Irrigated field in Indonesia. (Photo courtesy World Bank, Creative Commons)

Shortly after warning that climate change is having a negative impact on his country’s food production, Indonesian president Susilo Bambang Yudhoyono expressed concern on August 16 about the impact of corruption on Indonesia’s future economic success.

Addressing the Indonesian Parliament, Yudhoyono stated that “there are still many perpetrators of corruption even in the government, parliament, regional representatives and among law enforcers.”

During a Ministry of Agriculture meeting earlier in the month, Yudhoyono stressed that global food price increases due to climate change and drought is a serious risk Indonesia must address.

These challenges certainly are not isolated. Private sector innovation and business growth can help Indonesia produce and distribute food more efficiently. However, investments in the food sector, both international and domestic, are sensitive to Indonesia’s degree of corruption.

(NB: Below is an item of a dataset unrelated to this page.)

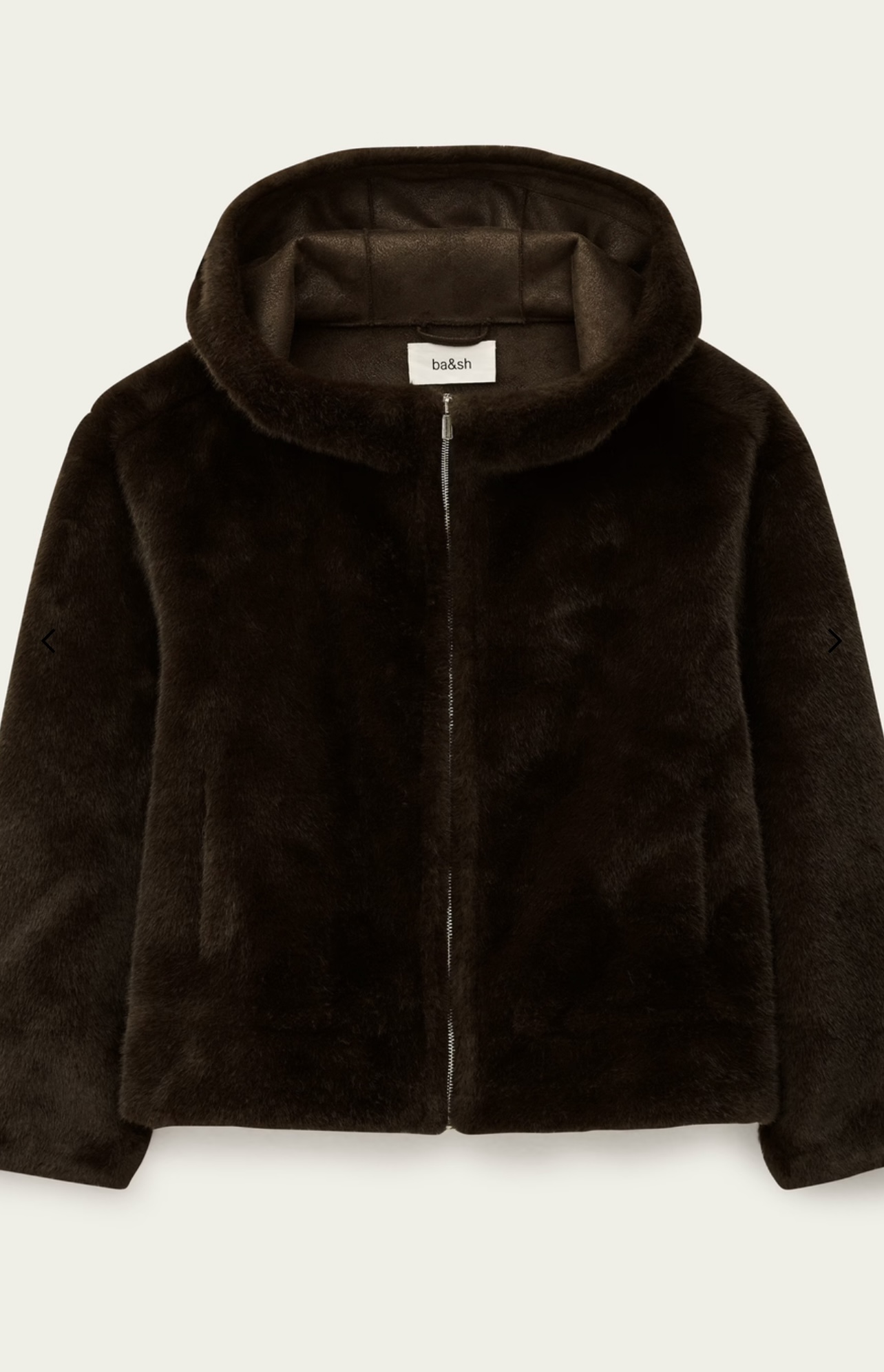 CHAQUETA BA&SH Chaqueta de pelo sintético con capucha y cierre cremallera Composición: 100 % poliéster Fabricado en: China Limpieza en seco No usar lejía No planchar Limpieza en seco No usar secadora
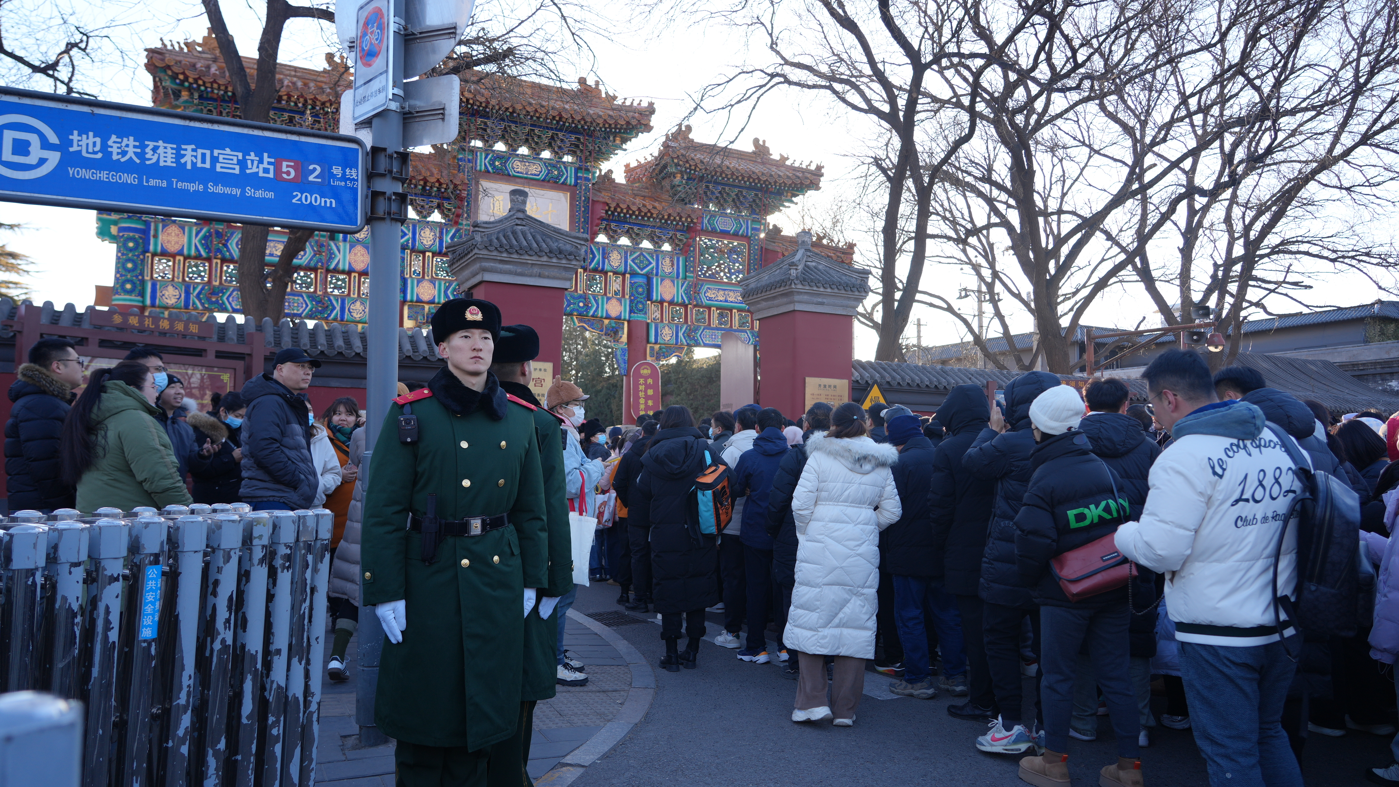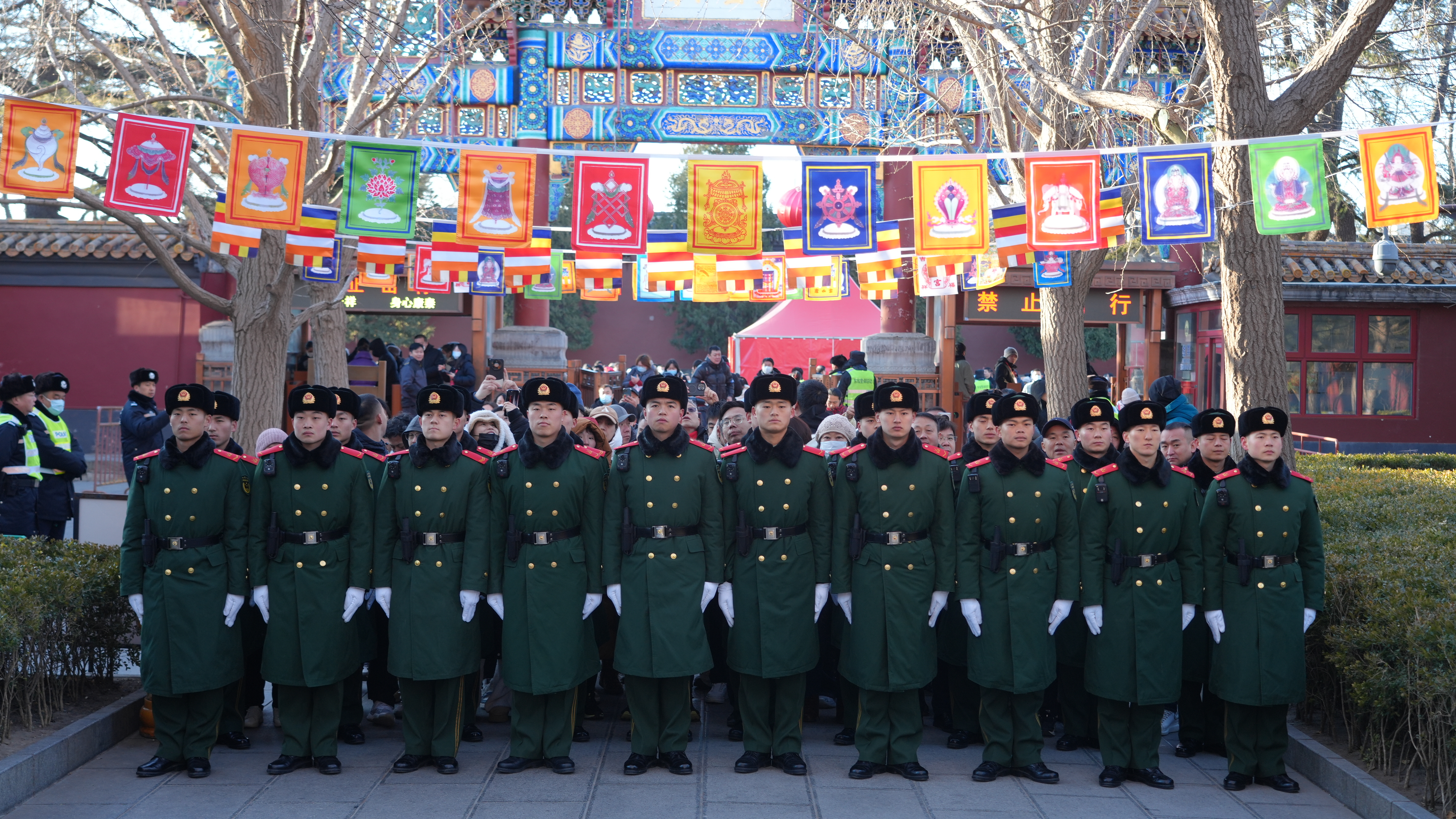 2月12日,武警北京总队某支队官兵整装待发,和往年一样到雍和宫执勤,维护上香秩序,默默守护着这片热闹与祥和。

During recent decades, Indonesia’s reduction in corruption has not been steady, shifting between improving and declining several times during the last 15 years as measured by the GAIN Index. It is also Indonesia’s most serious governance problem; political stability, non-violence, basic freedoms and democratic rights have shown more consistent improvement.

The GAIN Index also supports Yudhoyono’s call for measures to “improve our [Indonesia’s] food security and self-sufficiency.” Food is the country’s most vulnerable sector.